Verify that you can ping your domain and access file shares.

You can, of course, install the endpoint connector on a physical domain-joined laptop and connect to your Wi-Fi (assuming your lab is on a Internal/Private network) to test this.

In the next post I will go through instructions on how to enable Azure SSO so you don’t have to manually create the user accounts in the portal and better simulate a production environment.

Split Tunnel VPN with OpenVPN Cloud

I wanted to set up VPN split tunnelling for my home lab to simulate my workplace (which uses a commercial VPN solution ) to build a proof of concept of Windows AutoPilot with on-premise domain access from Azure AD joined devices.

I came across OpenVPN Cloud which provides you with 3 connections for free/personal use.

A couple of notes on my setup:

My host server has one Internal switch and one External switch. I installed RRAS on a Windows server VM in my lab running Windows Server 2016 with two virtual network adapters, one connected to the Internal switch and the other on the External switch. Both have DHCP enabled. Now for the instructions:

1) Install RRAS on a Windows server box (mine is on Windows Server 2016) with two virtual network adapters as mentioned above.

2) Enable routing on the server and follow the rest of these instructions on this RRAS server

3) Sign up for a free personal account and create your OpenVPN ID.

3) Once logged in, click on Networks on the left and and select “Remote Access” and follow the rest of the wizard.

Give your network a name.

Give the connector a name and select your region. This is the RRAS server on which you will have a OpenVPN connector (agent) running.

Add your lab subnet under Private Subnets.

4) Next select where to deploy the connector.
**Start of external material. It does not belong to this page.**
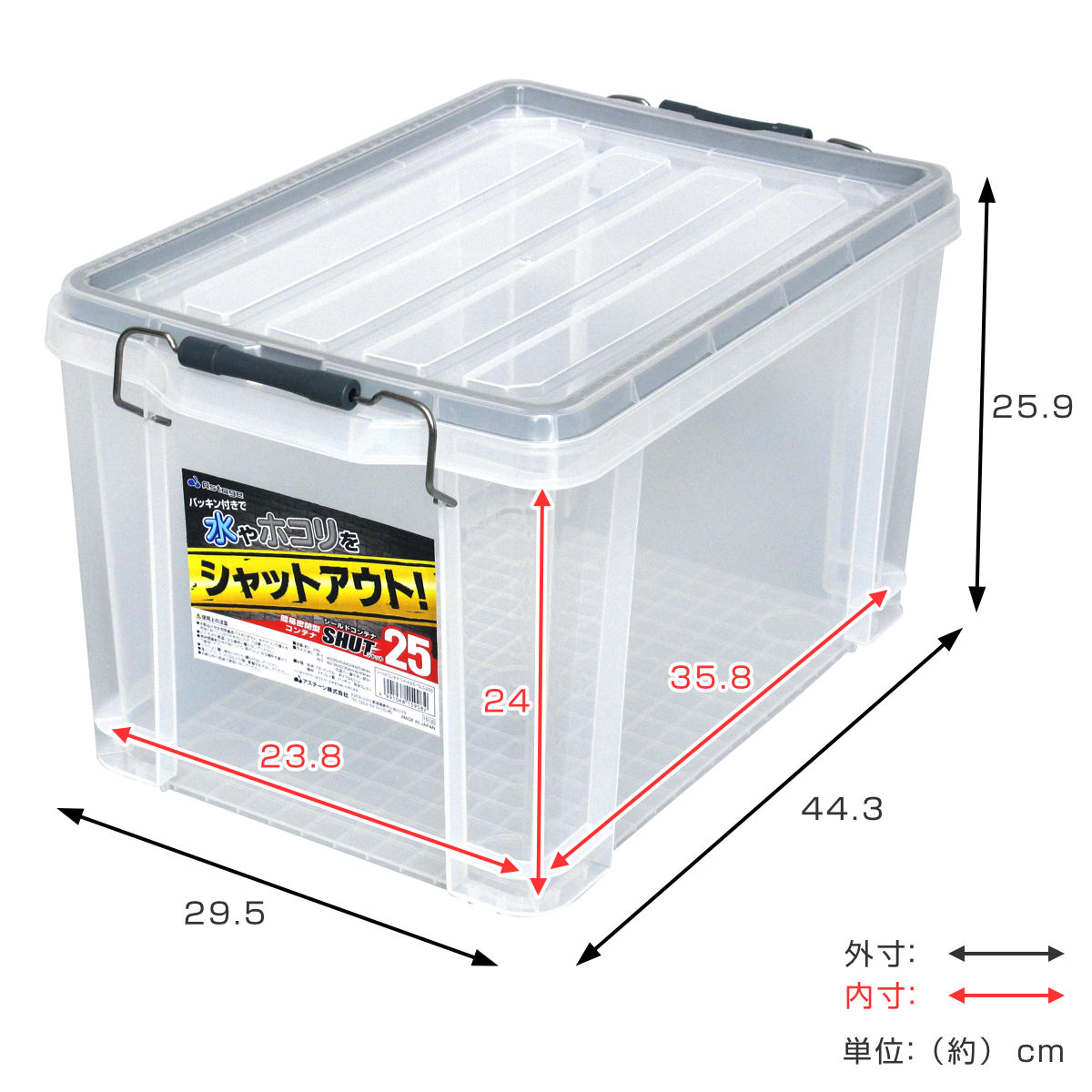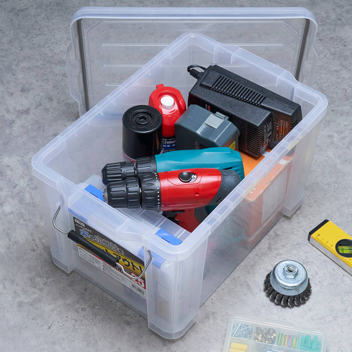 工具・アウトドア用品・防災グッズ・ガーデニング用品・衣類・おもちゃなど、様々な日用品の保管ができます。中身がひと目で確認できるクリアタイプのため、何を収納したか忘れにくく、管理がしやすいです。

I chose Windows, downloaded the connector and installed it on my RRAS server mentioned above.

5) Open the OpenVPN Connector on the RRAS server, sign in with the user account/email address you signed up with and you should see a connection established.

Back on the OpenVPN web portal click Next and wait for the connection to be shown as established on that end too.
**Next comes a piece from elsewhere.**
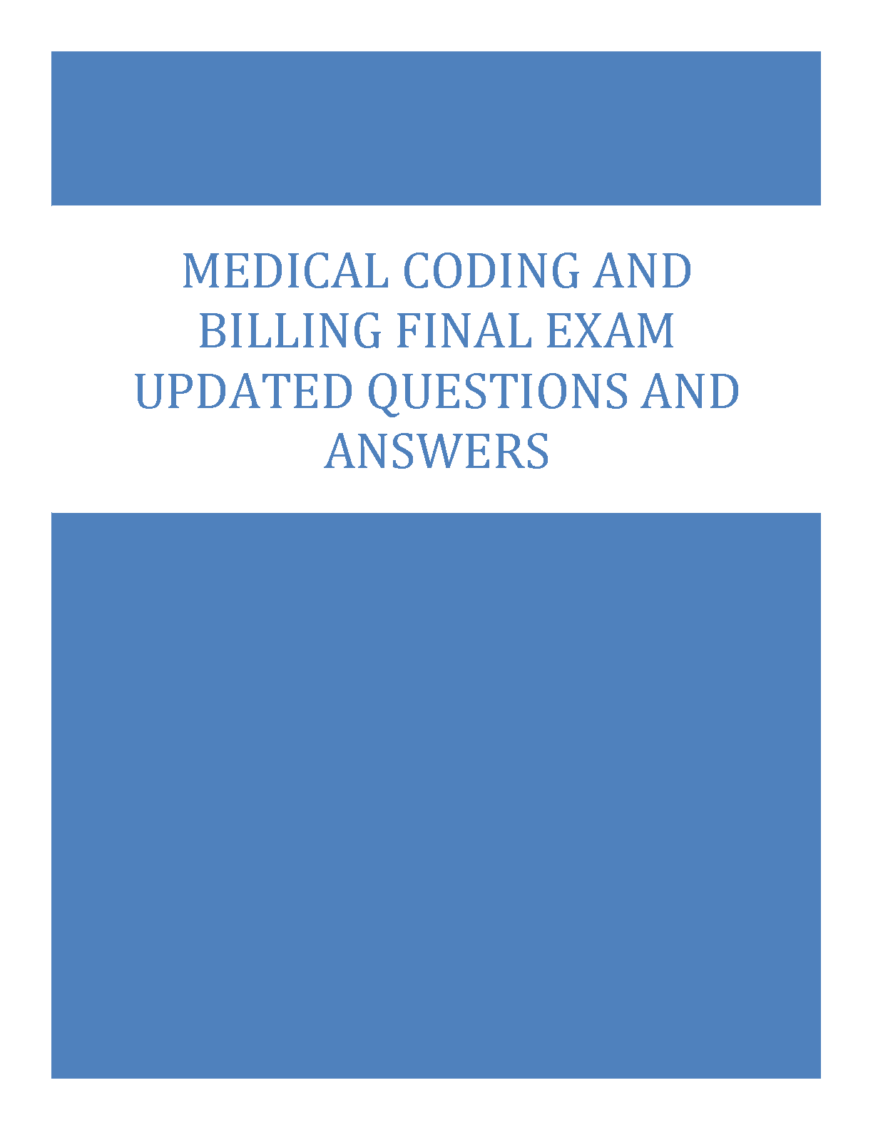 Struggling to prepare for your Medical Coding and Billing final exam? This comprehensive test bank is your ultimate study partner! Featuring the latest updated questions and detailed, verified answers for the 2025/2026 academic year, this resource is meticulously designed to cover all key topics. Master complex concepts and feel confident on exam day. Our guide is the most effective tool to help you pass on your first attempt and avoid costly resits. Get instant access to the material you need to succeed!

6) Next add your internal DNS to the web portal.

7) Click on Users and add a second user. This is the user who will be signing into VPN from an endpoint device over WAN/off-site. You can, of course, create more users here if you wish.

This completes the setup of the OpenVPN Cloud on the server side. I will soon write a follow up post on how to get endpoint devices connected via VPN.

Note that the connector which you installed on the RRAS server and the connection that it established with OpenVPN Cloud is counted as 1 of the 3 free connections you get with the free account. So you actually have only two connections for your endpoint devices. However, for quick POCs and lab use this is more than enough.